The maturity of a municipal bond, whether a GO, revenue bond, or otherwise, is one of the most important features for buyers to consider.
Similar to corporate and government debt, the longer the bond’s maturity, the more exposure that bond holder has to interest-rate risk. This means there is a greater chance rates could rise (and prices fall) if the bond is scheduled to mature in 10-, 20- or 30-years compared to shorter-dated notes.
There are also other factors that may present downside risks to the bond’s performance, and these will also have a higher probability of occurring the longer the bond is held, such as a rating downgrade or default.
For those bond investors seeking shorter-dated notes of about a year in length or less, some examples in the municipal note market include:
- Tax Anticipation Notes (TANs): These usually invest in a GO-related project that is financed in anticipation of future tax receipts, typically from property.

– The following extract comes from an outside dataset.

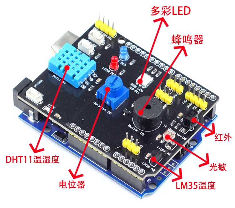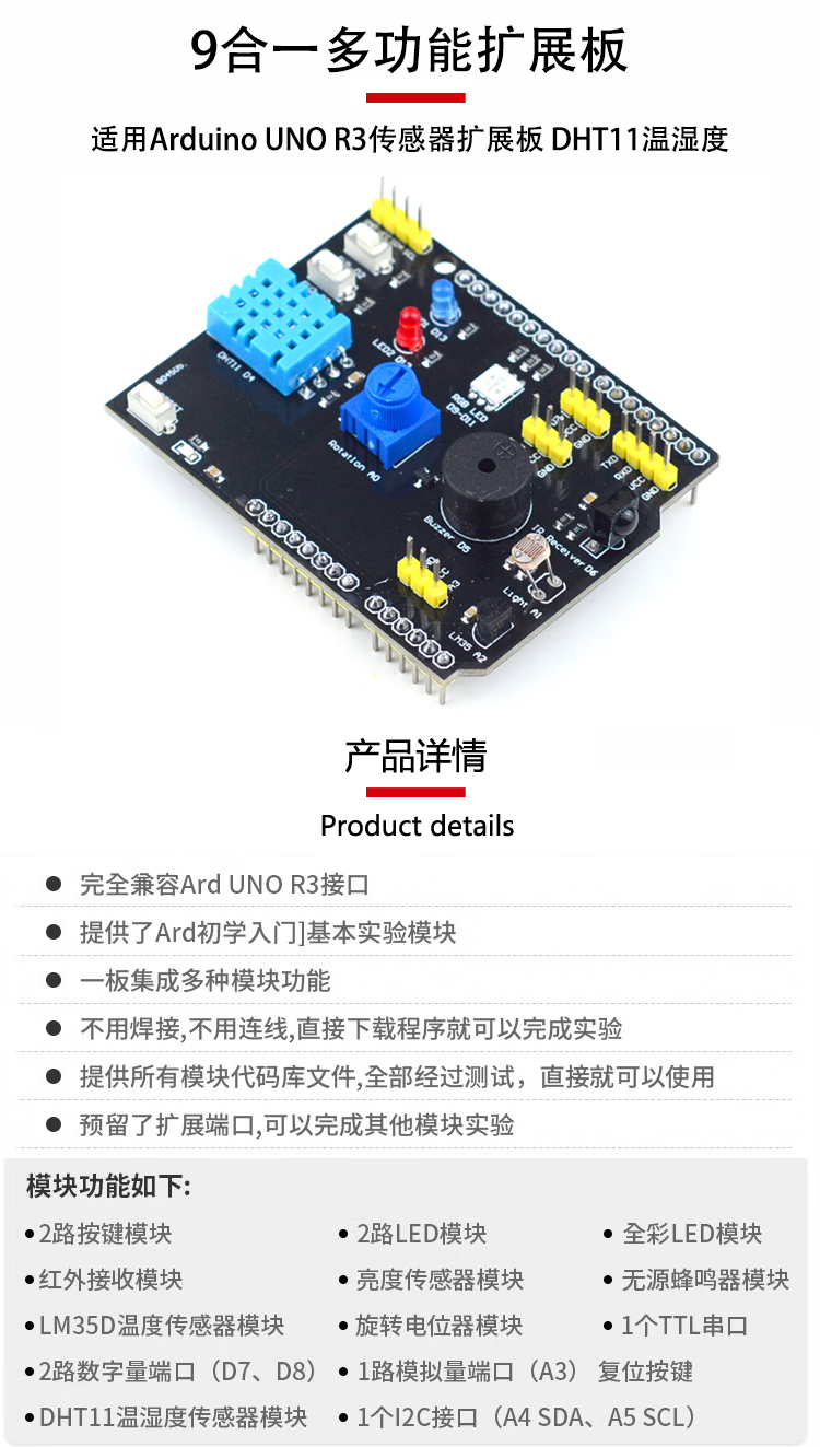 Suitable for Arduino UNO R3 microcontroller development board nine-in-one expansion board programming learning motherboard

A local government has come up with a $6 million budget to build a public park – the development of which has been slated for June 2017 – but the city only has $4 million in available funds.
Local officials may eye the taxes it will receive from businesses and individuals after the tax filing deadline in April of the following year and issue $2 million in TANs with a May 2018 maturity.
- Revenue Anticipation Notes (RANs): These are very similar to TANs, but the project funding is typically pegged to the anticipated revenues of federal or state subsidies.
- Tax and Revenue Anticipation Note (TRANs): A bundle of TANs and RANs.
- Bond Anticipation Notes (BANs): Here, the project financing relies on the future sale of long-term bonds.
Virginia’s Chesapeake Bay Bridge and Tunnel District sold first tier general resolution revenue bond anticipation notes in large part to help finance its Parallel Thimble Shoal Tunnel Project, as well as pay capitalized interest on the issuance.
The BANs, issued as interim financing for that project, were expected to provide interest cost savings.
Auction Rate Securities (ARS)
More complex short-dated municipal securities include ARS, which are long-term investments with interest rates that reset over short-term intervals via auctions.
In short, ARS may either be bonds, typically with tenors of 20 to 30 years, or they may be preferred shares with a cash dividend. Interest rates on both the bonds and the dividend will vary based on rates that are set through auctions. These rates are generally set at short periods, usually anywhere from 7 to 35 days.